_PROBLEM_
An exact copy of the listing below is the answer, with the pictures removed.

_DATA SEGMENT_
......

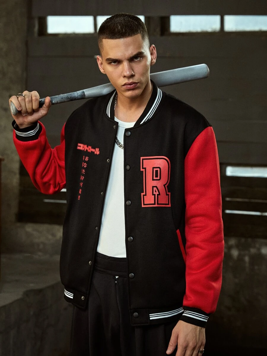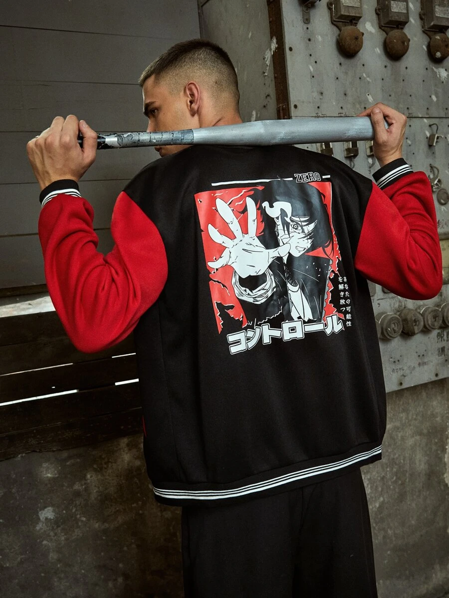 Anime Guys Letter Graphic Button Front Baseball Jacket
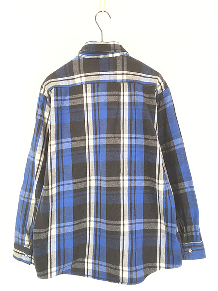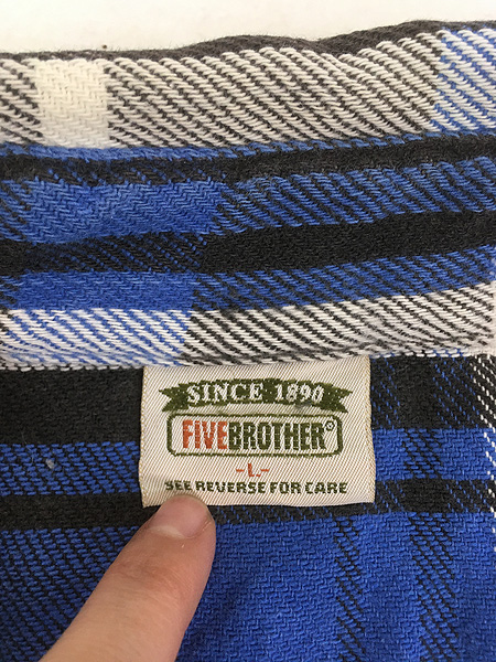 古着 90s USA製 FIVE BROTHER ブルー × ブラック チェック ヘビー フランネル コットン シャツ ヘビネル L
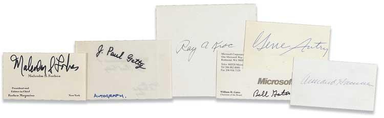 Ink and felt tip signatures of Bill Gates, J. Paul Getty, Gene Autry, Malcolm Forbes, Armand Hammer, and Ray Krock on individual personal business cards or slips. In fine overall condition. RRAuction COA.
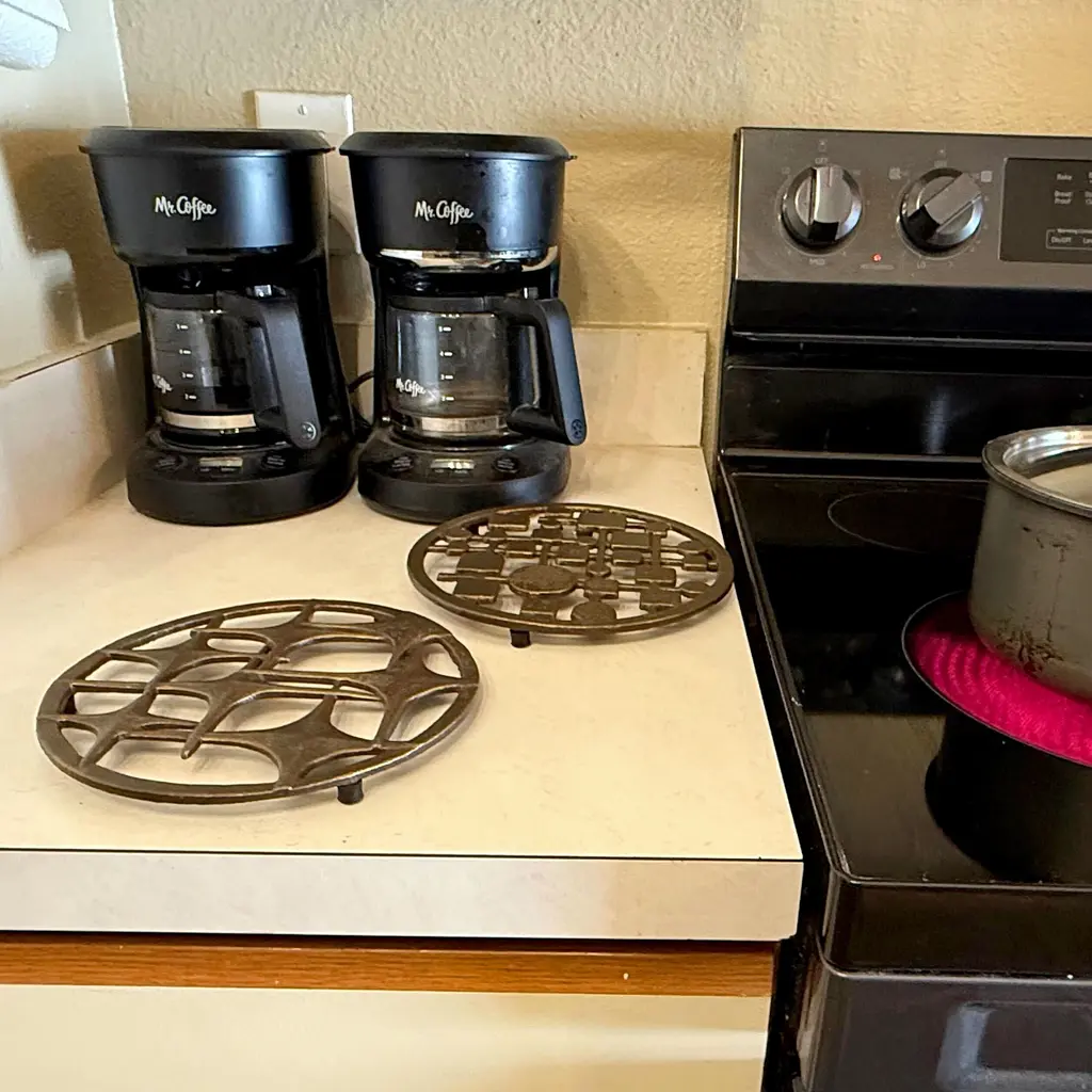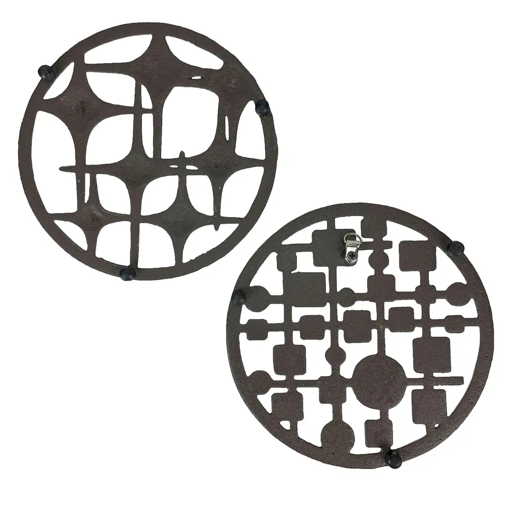 Elevate your dining experience with this Set of 2 Cast Iron Mid Century Modern Trivets, featuring both the iconic Stars and Circles & Squares designs. Each trivet is crafted from heavy-duty cast iron with a classic bronze finish, providing reliable heat resistance and protecting your countertops or tables from hot dishes. The bold, openwork geometric patterns bring authentic retro flair and visual interest to any kitchen or dining space. Non-slip rubber feet ensure stability and surface safety. Perfect for modern or eclectic décor, this set is ideal for entertaining, everyday use, or gifting to design lovers and collectors

......

_TASK RESPONSE_
 Anime Guys Letter Graphic Button Front Baseball Jacket
 古着 90s USA製 FIVE BROTHER ブルー × ブラック チェック ヘビー フランネル コットン シャツ ヘビネル L
 Ink and felt tip signatures of Bill Gates, J. Paul Getty, Gene Autry, Malcolm Forbes, Armand Hammer, and Ray Krock on individual personal business cards or slips. In fine overall condition. RRAuction COA.
 Elevate your dining experience with this Set of 2 Cast Iron Mid Century Modern Trivets, featuring both the iconic Stars and Circles & Squares designs. Each trivet is crafted from heavy-duty cast iron with a classic bronze finish, providing reliable heat resistance and protecting your countertops or tables from hot dishes. The bold, openwork geometric patterns bring authentic retro flair and visual interest to any kitchen or dining space. Non-slip rubber feet ensure stability and surface safety. Perfect for modern or eclectic décor, this set is ideal for entertaining, everyday use, or gifting to design lovers and collectors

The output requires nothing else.